- **What you need to do**: Your copy should match the listing below exactly, except that it holds no images.

- **Data block**:
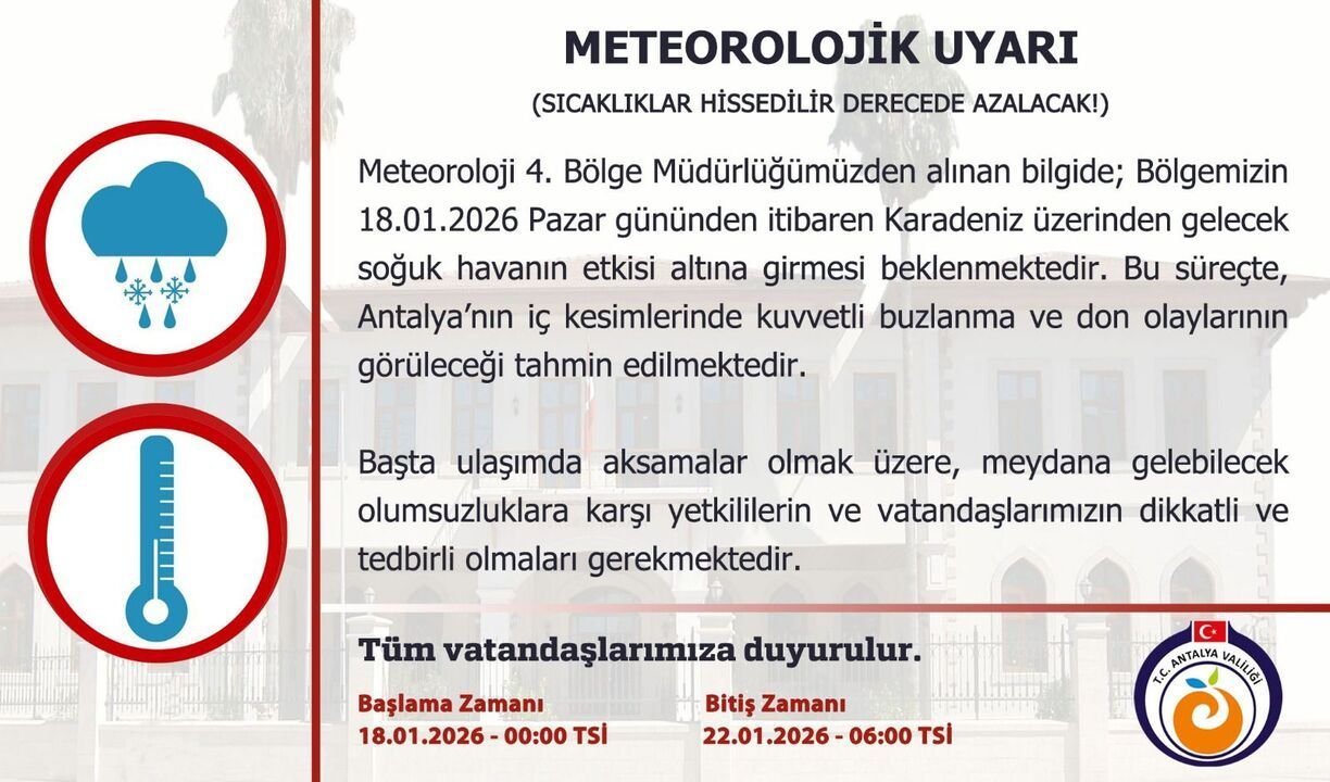 Meteoroloji 4. Bölge Müdürlüğü’nden alınan bilgilere göre, 18 Ocak 2026 Pazar günü itibarıyla Karadeniz üzerinden gelen soğuk hava dalgasının Antalya genelinde etkili olması bekleniyor. Hava sıcaklıklarının hissedilir derecede azalacağı, özellikle gece ve sabah saatlerinde soğuğun daha belirgin olacağı tahmin ediliyor.
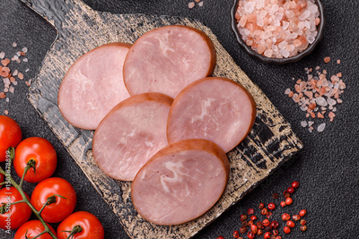 Sliced ham, meat, pork or turkey sausage for sandwiches. Ham slices, food
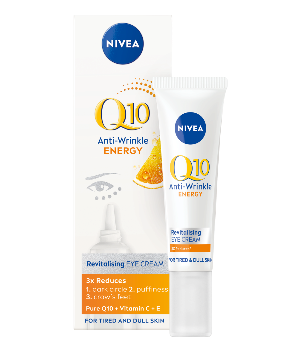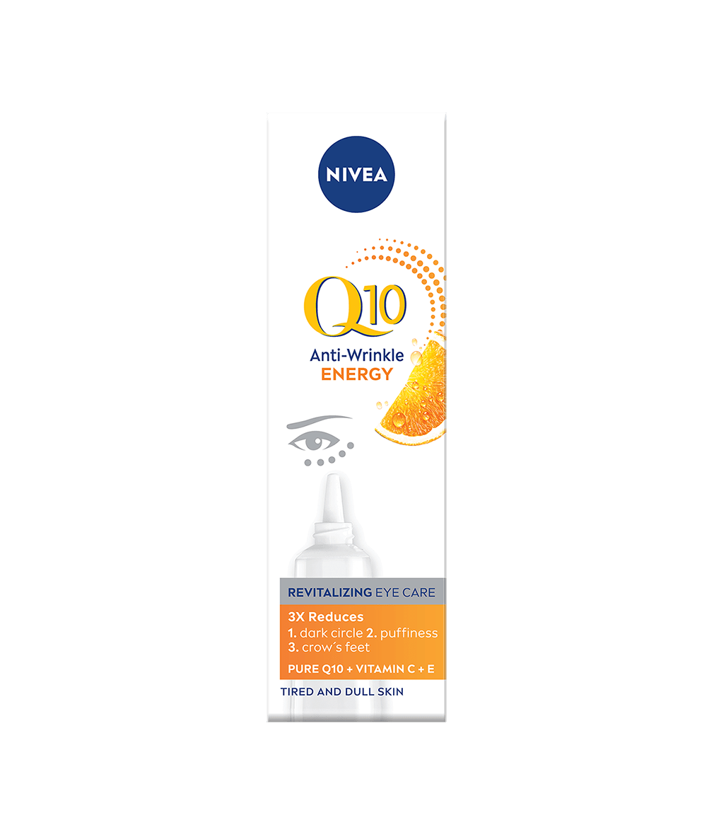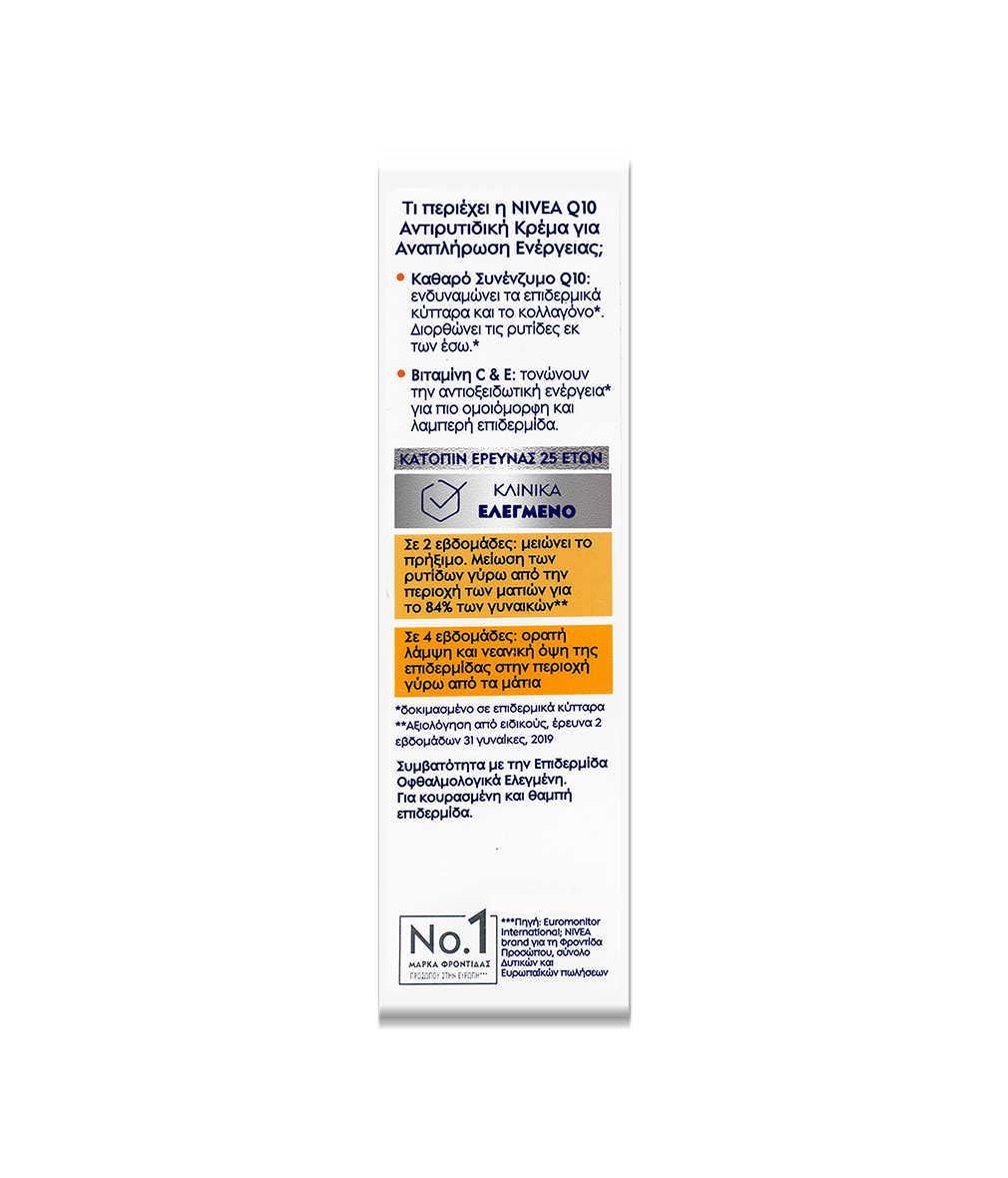 Nivea ® Q10 ENERGY Αντιρυτιδική Θεραπεία Ματιών για Αναπλήρωση Ενέργειας Ελαφριά υφή, ειδικά σχεδιασμένη για την ευαίσθητη περιοχή των ματιών Καθαρό Συνένζυμο Q10: απορροφάται από κάθε κύτταρο της επιδερμίδας Βιταμίνες C&E: για πιο ομοιόμορφη και λαμπερή επιδερμίδα
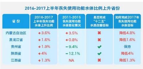 4.2017上半年喪失使用功能水體比例上升的省份中,內蒙古、黑龍江和江西均未完成“十二五”水質改善目標。

- **Worked solution**:
 Meteoroloji 4. Bölge Müdürlüğü’nden alınan bilgilere göre, 18 Ocak 2026 Pazar günü itibarıyla Karadeniz üzerinden gelen soğuk hava dalgasının Antalya genelinde etkili olması bekleniyor. Hava sıcaklıklarının hissedilir derecede azalacağı, özellikle gece ve sabah saatlerinde soğuğun daha belirgin olacağı tahmin ediliyor.
 Sliced ham, meat, pork or turkey sausage for sandwiches. Ham slices, food
 Nivea ® Q10 ENERGY Αντιρυτιδική Θεραπεία Ματιών για Αναπλήρωση Ενέργειας Ελαφριά υφή, ειδικά σχεδιασμένη για την ευαίσθητη περιοχή των ματιών Καθαρό Συνένζυμο Q10: απορροφάται από κάθε κύτταρο της επιδερμίδας Βιταμίνες C&E: για πιο ομοιόμορφη και λαμπερή επιδερμίδα
 4.2017上半年喪失使用功能水體比例上升的省份中,內蒙古、黑龍江和江西均未完成“十二五”水質改善目標。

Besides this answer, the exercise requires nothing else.